I guess I've always felt like I had to defend myself when she's played her mom against me. If only it were just her mom!!! I somehow have to become strong enough to realize that I don't have to explain myself to any of them. They will believe what they want anyway. 
I know what I need to do, just trying to find the strength. Sounds kinda weakling(?) of me now that I read it.


----------



## Corina (May 15, 2008)

It doesn't sound like a weakling at all!!! Don't think that of yourself. Actually putting down your thoughts and feelings and taking an honest look at them is really difficult and requires a lot of strength.

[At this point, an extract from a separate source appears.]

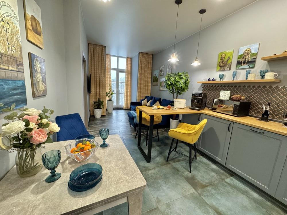 Квартира с кухней-гостиной и отдельной спальней с уютным ремонтом в светлых тонах, с яркими элементами современной мебели. Размещение возможно до 4 человек, двуспальная кровать 160х200 и раскладной двуспальный диван 150х200. Для каждого гостя подготовлено по 2 полотенца (для душа и рук) + 1 полотенце для ног. Крытая лоджия с видом на реку. На кухне есть все необходимое для приготовления еды: посуда, столовые приборы, кастрюли и сковородки, микроволновка, холодильник, чайник, духовка и индукционная плита. Для комфортного пребывания дополнительно предоставляются тапочки, махровые халаты, гигиенический набор (шампунь, гель для душа, зубная щетка с пастой), фен, утюг, стиральную машину. Полы с подогревом. Автономное отопление. Предоставляется бесплатный высокоскоростной Wi-Fi и кабельное телевидение.

*So* many people could benefit from doing exactly that. It's taking that step and saying 'out loud' "this is my situation, i'm not satisfied, this is why, and this is what i need'." Think where you and your wife might be today if you had both had the balls to be so honest years ago. Better late than never.

You are strong and you are showing yourself some respect now - good for you!


----------



## draconis (Oct 3, 2007)

How she acts away from you might be a hint IF the people telling you such are completely honest. However it is not unusual for people to ry to srengthen their position even when the other person is their partner. They want others to empathesis with them and support them first. It is a flaw to be sure, but it doesn't mean that in her world she doesn't love you.

draconis


----------



## mountaincountry (Jun 15, 2008)

Well......... as an update...... I was finally able to bring up the subject with her through the wonders of text messaging.Seems to be the only way to communicate.( she is currently out of town and has been for 5 weeks...staying with her mother) Apparently she doesn't want to work on it anymore either, but she wants to stay together to avoid hurting the kids. She wants to keep everything as it is ( of course!) and wait till they get older. HMMMMM.....I don't want to hurt them either, I love my girls VERY MUCH!!!!! I am just not convinced that they are better off with us together. Part of me thinks that this is another way of controlling me also.......... I told her that if we did that she would have to get a better job and start helping pay the bills. She said no.
(this brings up another subject.......maybe best for another post?????could get lengthy)


----------



## LydiaMPerez (Jun 20, 2008)

wow! after reading all this - she sounds very controlling, and i am not sure by you guys staying together for the kids is a god idea- i have family members that have tried that and it doesn't seem to do the kids any good. You need to do what is best and healthy for you- and if you are a good father which i am sure you are- the separation between you and your wife will not change your actions towards your girls. The wife is a grown woman and im sure the courts will work something out. Just because she is your wife and maybe your ex-wife she is still a grown woman and not a princess- im sure she can work and take care of herself a little.....Good Luck!


----------



## draconis (Oct 3, 2007)

mountaincountry said:


> Well......... as an update...... I was finally able to bring up the subject with her through the wonders of text messaging.Seems to be the only way to communicate.( she is currently out of town and has been for 5 weeks...staying with her mother) Apparently she doesn't want to work on it anymore either, but she wants to stay together to avoid hurting the kids. She wants to keep everything as it is ( of course!) and wait till they get older. HMMMMM.....I don't want to hurt them either, I love my girls VERY MUCH!!!!! I am just not convinced that they are better off with us together. Part of me thinks that this is another way of controlling me also.......... I told her that if we did that she would have to get a better job and start helping pay the bills. She said no.
> (this brings up another subject.......maybe best for another post?????could get lengthy)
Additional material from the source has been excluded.